Monday, November 3, 2008

Decision lists and Decision Trees

Decision Lists have been popular methods in 90’s in machine learning scientific publications. They produce a list of sorted production rules such as “IF condition_1 THEN conclusion_1 ELSE IF condition_2 THEN condition_2 ELSE IF…”.

Decision Lists and Decision Trees have a similar representation bias but not the same learning bias, DL use the “separate-and-conquer” principle instead of “divide-and-conquer” principle. They can produce more specialized rules but they can also lead to overfitting: setting the right learning parameters is very important for the decision lists algorithm.
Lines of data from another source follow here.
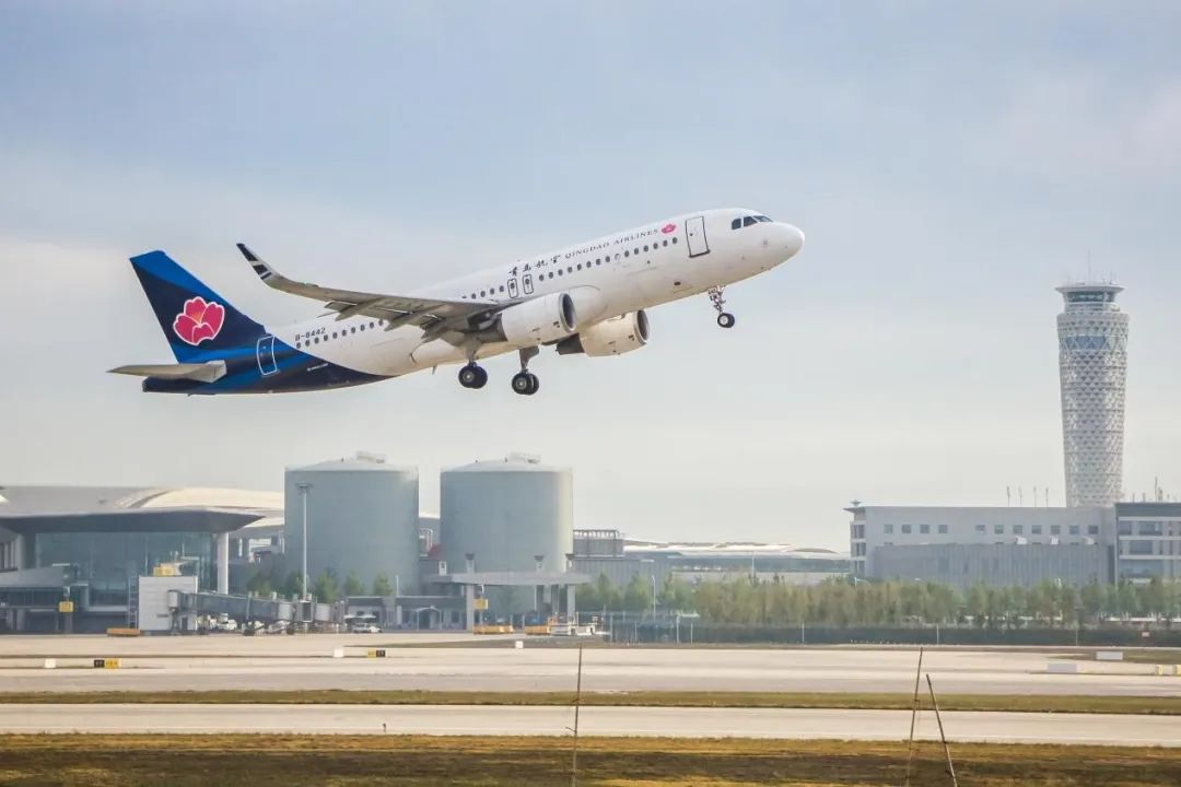 (青岛航空飞机从青岛胶东国际机场起飞)
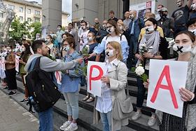 Ситуация в Минске. День четвертый. Участники хора Белорусской государственной филармонии у входа в Концертный зал во время забастовки в знак протеста против насилия и фальсификаций на выборах президента Белоруссии.
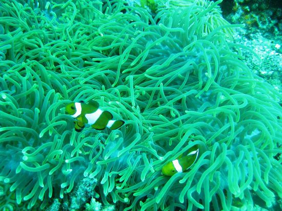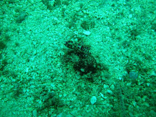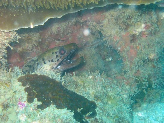Mei, gleich beim ersten Tauchgang dacht ich, ich werd Fakir und hab vor lauter fotografieren die Seeigel übersehen. Des tut fei weh, wenn ma dene ihre Stacheln im Bein hat. Nach fünf Minuten spür ich's aber schon nimmer. Ich frag also, wieder an der frischen Luft, meinen Instructor, ob sich des entzündet oder ob ich irgendwas machen muß, ich seh mich schon mit eiternden Wunden in Malaysia rumhupfen. Aber der meint, ich soll 'nen FlipFlop nehmen und drauf haun. Ich denk der spinnt, und schau ihn wahrscheinlich entsprechend an.
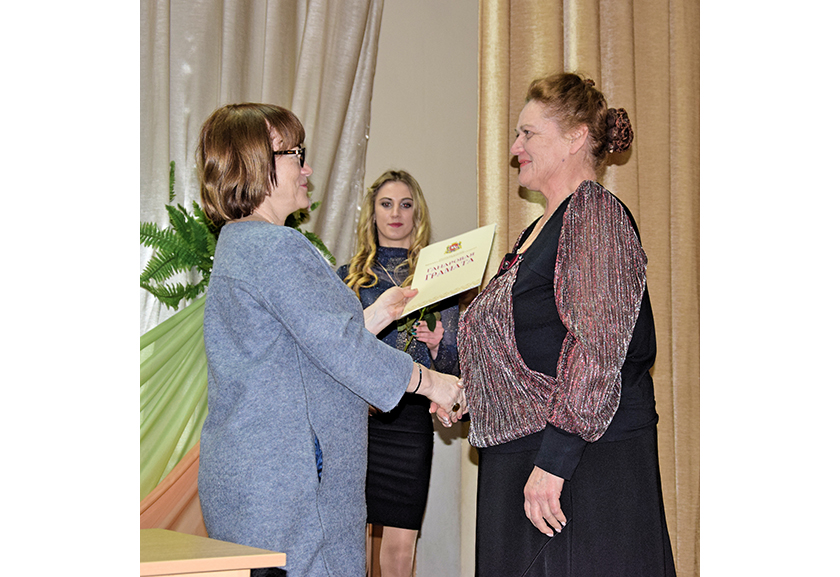 Старшыня раённага Савета дэпутатаў Ірына Новікава ўручае Ганаровую грамату раённага выканаўчага камітэта Ганне Каламіец, загадчыку аддзела народнай творчасці РЦК.
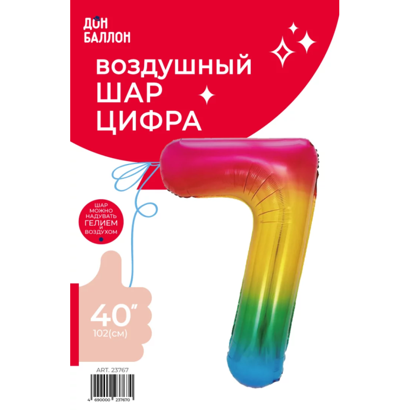 | Линейка | Falali Шар (40''/102 см) Цифра, Радужный, Градиент |

The algorithm that we have implemented in TANAGRA is suggested by CN2 (Clark & Niblett, ML-1989). We have introduced two main modifications: (1) we use a hill-climbing algorithm instead of a best-first search; (2) a new parameter, minimal support of a rule, can be adjusted to avoid non-significant rules.

Keywords: CN2, decision list, decision tree, CART, discretization
Components: Supervised Learning, MDLPC, Decision List, C-RT, Bootstrap
Tutorial: en_Tanagra_DL.pdf
Dataset: dr_heart.bdm
Reference: P. Clark, « CN2 – Rule induction from examples ».